Shepherding a Child’s Heart by Tedd Tripp takes a hard turn away from the modern approach to childrearing and urges the reader to take seriously what the Bible has to say. The key, according to the author, is to turn the child’s heart toward God and to teach them to obey authority.

Rediscover the Bible’s vision for parenting and watch your children grow in the Lord.

Being a parent can be the scariest and most joyful time in life. You bring home a child who is yours to raise, guide, and care for in every way. In today’s society, the authoritarian styles of a generation ago are not effective or accepted, but the hands-off approach is not working either. Many parents may be looking for a way to teach their children and guide them to the ways of God but are unsure where to start.

In Shepherding a Child’s Heart, author Tedd Tripp takes us back to the Bible for guidance. God’s Word, he reminds us, offers a wonderful paradigm of parenting.
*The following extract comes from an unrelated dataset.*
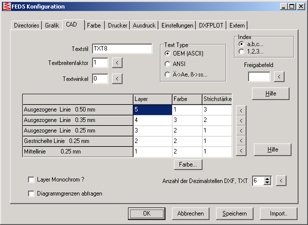 Die Anzahl der Dezimalstellen in DXF-Dateien war bisher fest auf 6 eingestellt. In den neuen Versionen sind die Nachkommastellen für DXF und CAD-TXT-Dateien konfigurierbar.
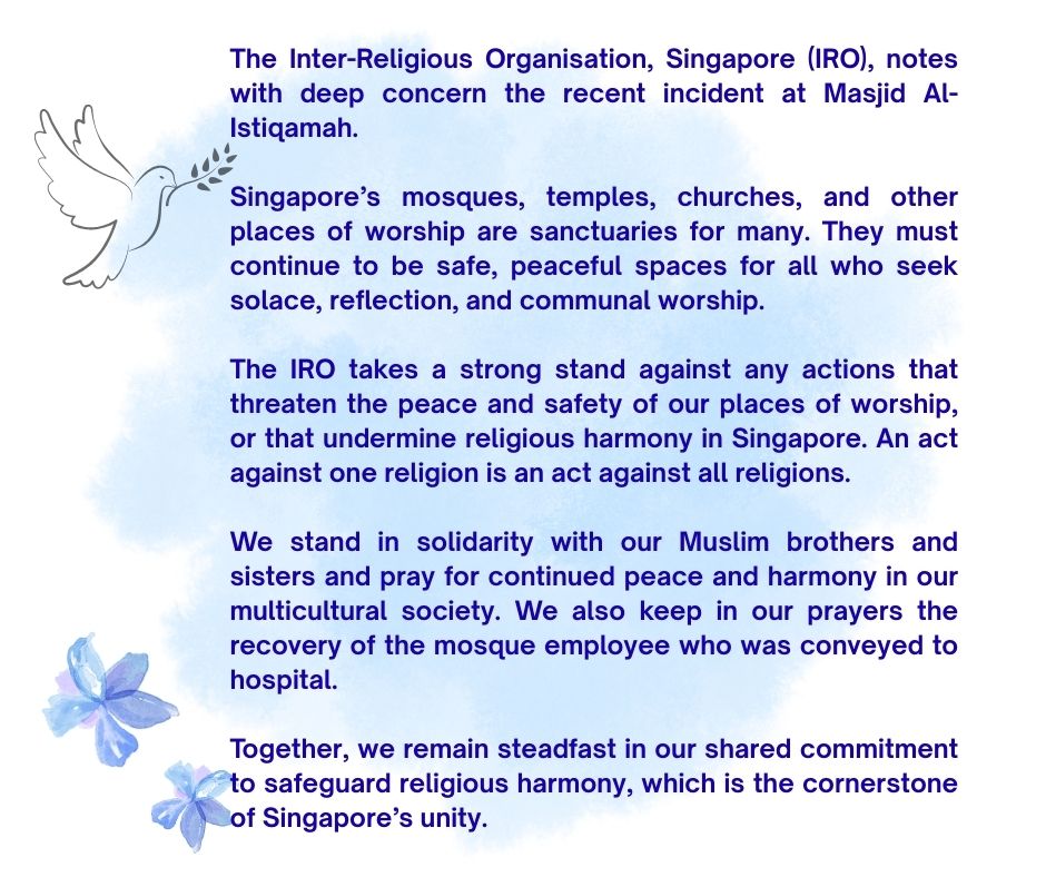 It wrote, “IRO takes a strong stand against any actions that threaten the peace and safety of our places of worship or that undermine religious harmony in Singapore.”

In this summary, you will learn:

  • how to understand your child’s behavior as a reflection of the heart;
  • ways to correctly discipline, not in anger but as God’s agent; and
  • how to appeal to your child’s conscience and teach the problems of sin.

Parents make a mistake when they focus primarily on outward behaviors rather than the heart of the child.

The behavior a person exhibits is an expression of what is in the heart. This includes children. Behavior is not the real problem, but rather behavior is a symptom of what is in the heart. We can look to Luke 6:45 or Mark 7:21 to understand the importance of having a pure heart – it is the control center for life. This observation demonstrates how effective the Bible can be as a parenting guidebook because the Bible addresses the heart.

Parents often are sidetracked by certain behaviors when instead they need to understand that the behavior is simply a reflection of what is in the heart. A change in behavior without a change in heart is condemnable. Jesus denounces this in the Pharisees as those who wash the outside of the cup, but the inside remains dirty.

Parents often make this same mistake in childrearing by demanding a behavioral change but never addressing the heart that drives the behavior. But the heart is the wellspring of life, and as a parent, it is your job to be concerned with shepherding the heart. This requires working back from the behavior to the heart, exposing the real issues, and helping children gain a clear focus on the cross of Christ.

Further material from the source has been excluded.